(Stored data entries)

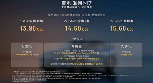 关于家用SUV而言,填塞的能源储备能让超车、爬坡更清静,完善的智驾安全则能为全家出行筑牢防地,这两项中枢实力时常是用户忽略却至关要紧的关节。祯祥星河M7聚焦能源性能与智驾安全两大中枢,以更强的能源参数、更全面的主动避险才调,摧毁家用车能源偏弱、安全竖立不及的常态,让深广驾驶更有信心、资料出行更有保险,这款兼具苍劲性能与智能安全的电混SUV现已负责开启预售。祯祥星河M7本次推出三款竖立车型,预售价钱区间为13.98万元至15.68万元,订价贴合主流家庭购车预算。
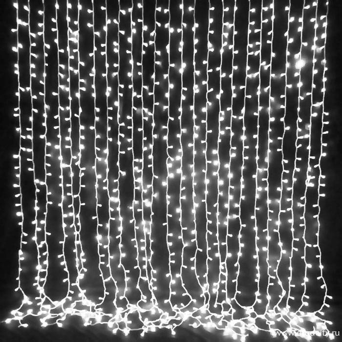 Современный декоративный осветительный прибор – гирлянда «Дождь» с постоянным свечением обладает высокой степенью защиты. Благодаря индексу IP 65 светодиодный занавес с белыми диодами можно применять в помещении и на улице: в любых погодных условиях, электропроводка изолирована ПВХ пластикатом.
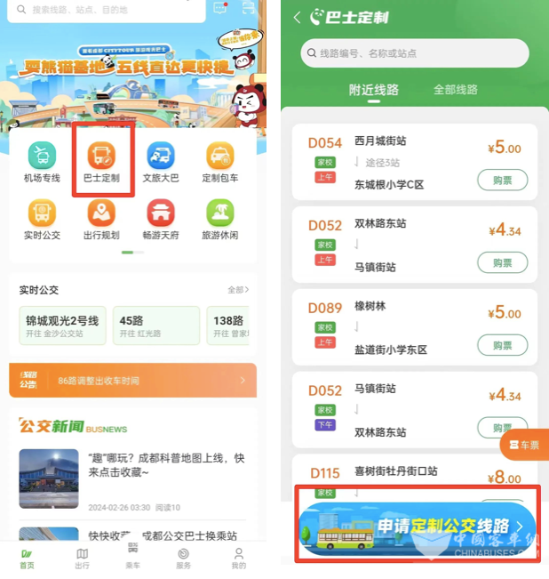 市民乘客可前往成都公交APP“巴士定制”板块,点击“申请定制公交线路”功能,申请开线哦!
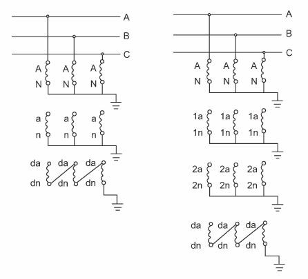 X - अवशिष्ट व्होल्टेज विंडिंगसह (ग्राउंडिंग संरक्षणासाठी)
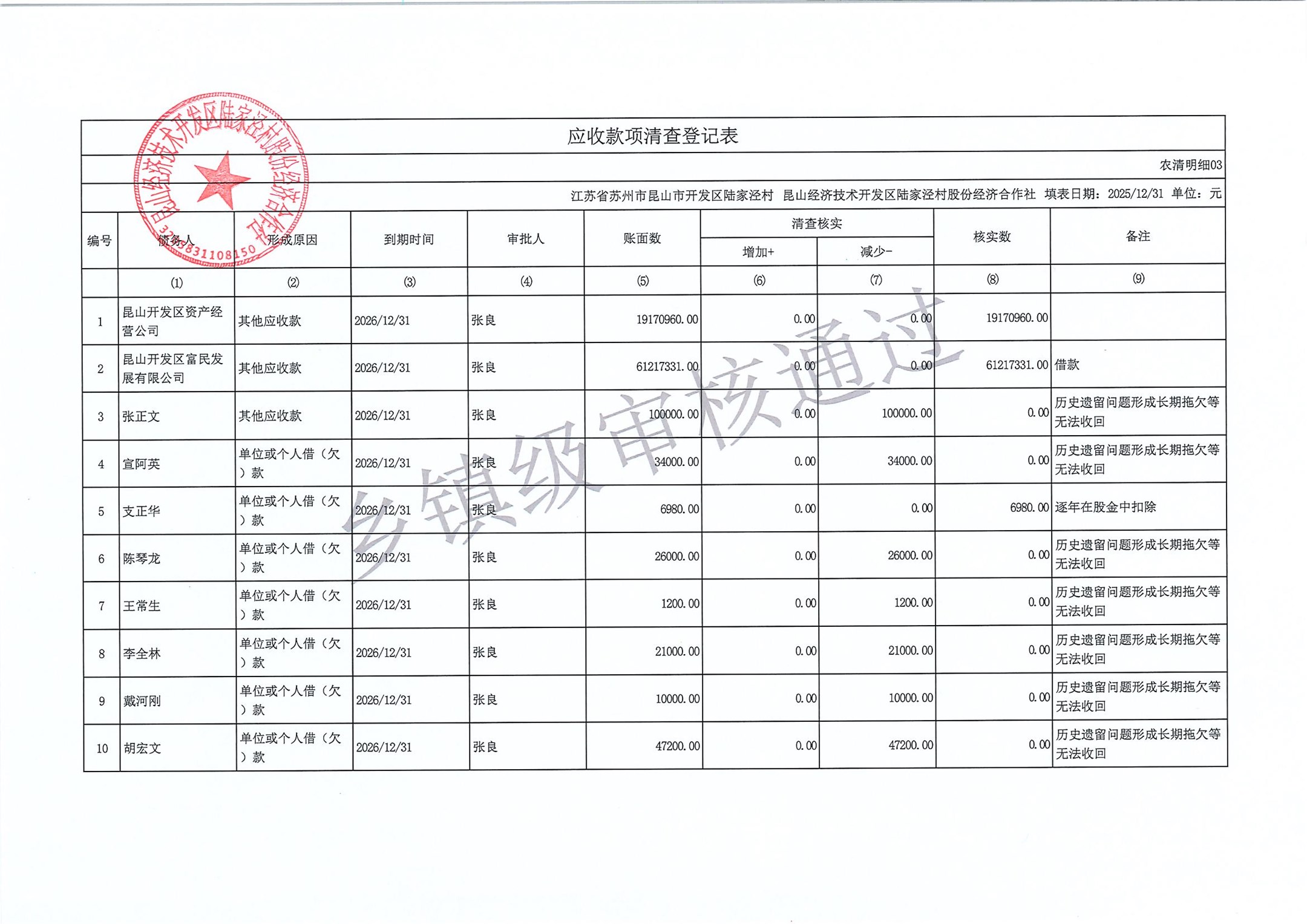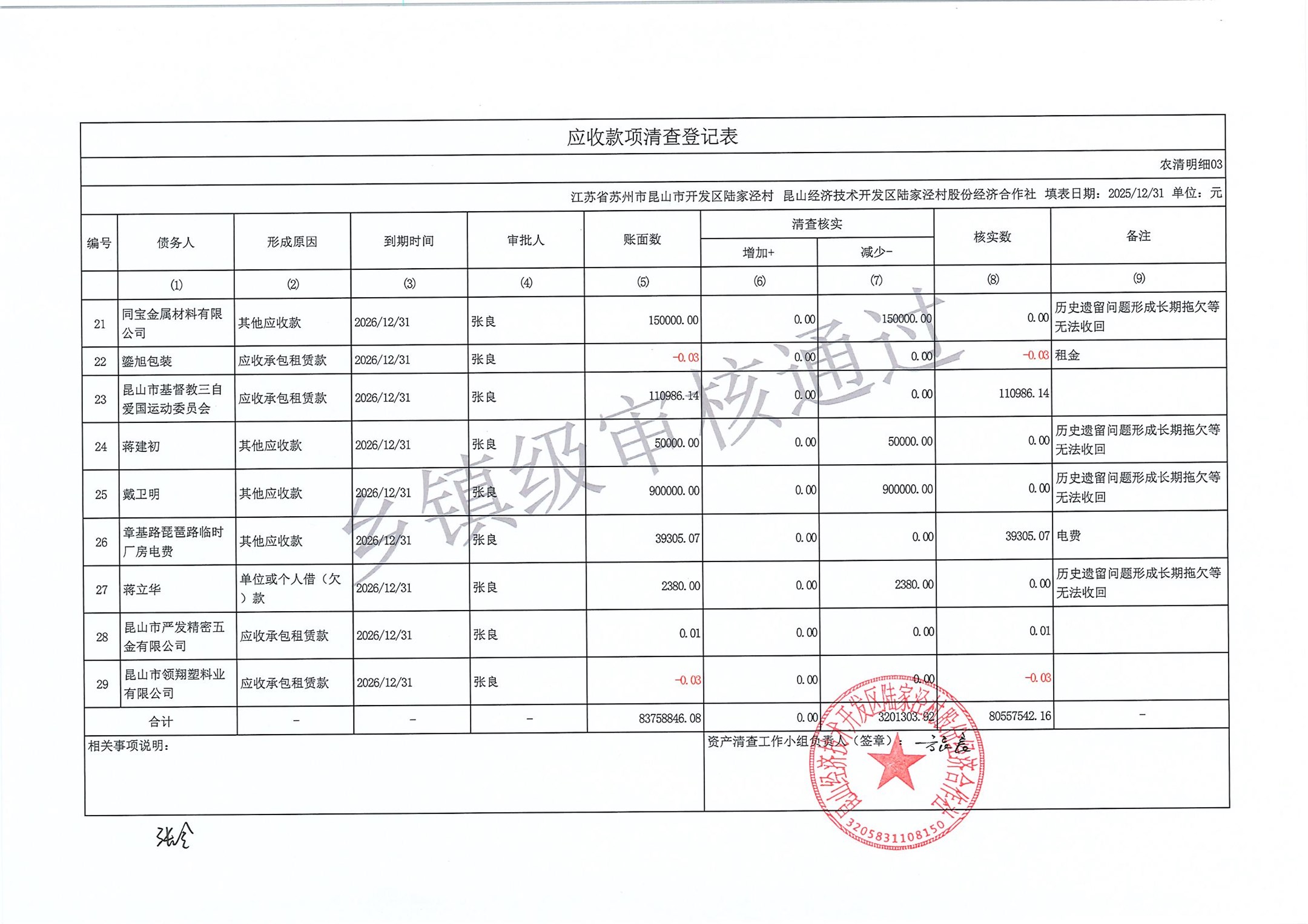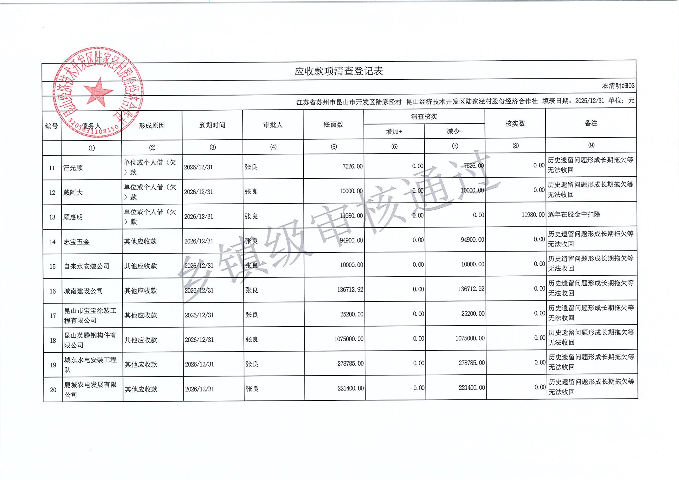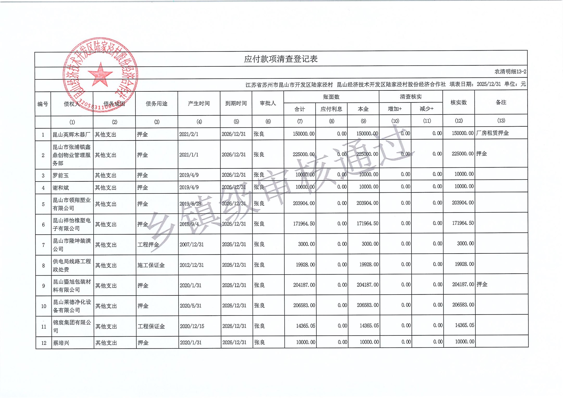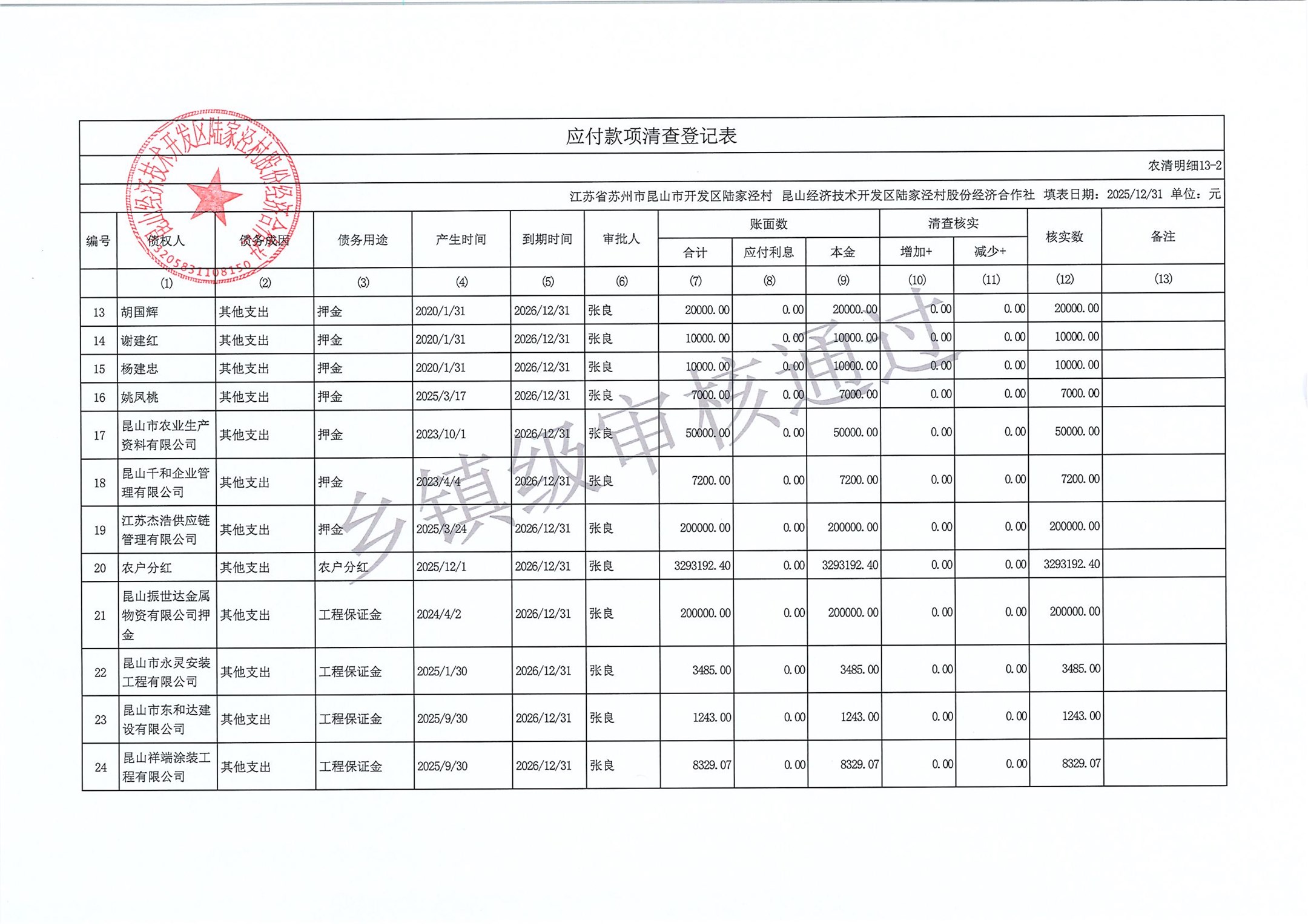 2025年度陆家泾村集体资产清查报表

→ **Exercise description**:
If a line falls between the first line of the records above and the line containing "Современный декоративный осветительный", inclusive, retype it exactly; leave pictures out.

→ **Answer to this task**:
 关于家用SUV而言,填塞的能源储备能让超车、爬坡更清静,完善的智驾安全则能为全家出行筑牢防地,这两项中枢实力时常是用户忽略却至关要紧的关节。祯祥星河M7聚焦能源性能与智驾安全两大中枢,以更强的能源参数、更全面的主动避险才调,摧毁家用车能源偏弱、安全竖立不及的常态,让深广驾驶更有信心、资料出行更有保险,这款兼具苍劲性能与智能安全的电混SUV现已负责开启预售。祯祥星河M7本次推出三款竖立车型,预售价钱区间为13.98万元至15.68万元,订价贴合主流家庭购车预算。
 Современный декоративный осветительный прибор – гирлянда «Дождь» с постоянным свечением обладает высокой степенью защиты. Благодаря индексу IP 65 светодиодный занавес с белыми диодами можно применять в помещении и на улице: в любых погодных условиях, электропроводка изолирована ПВХ пластикатом.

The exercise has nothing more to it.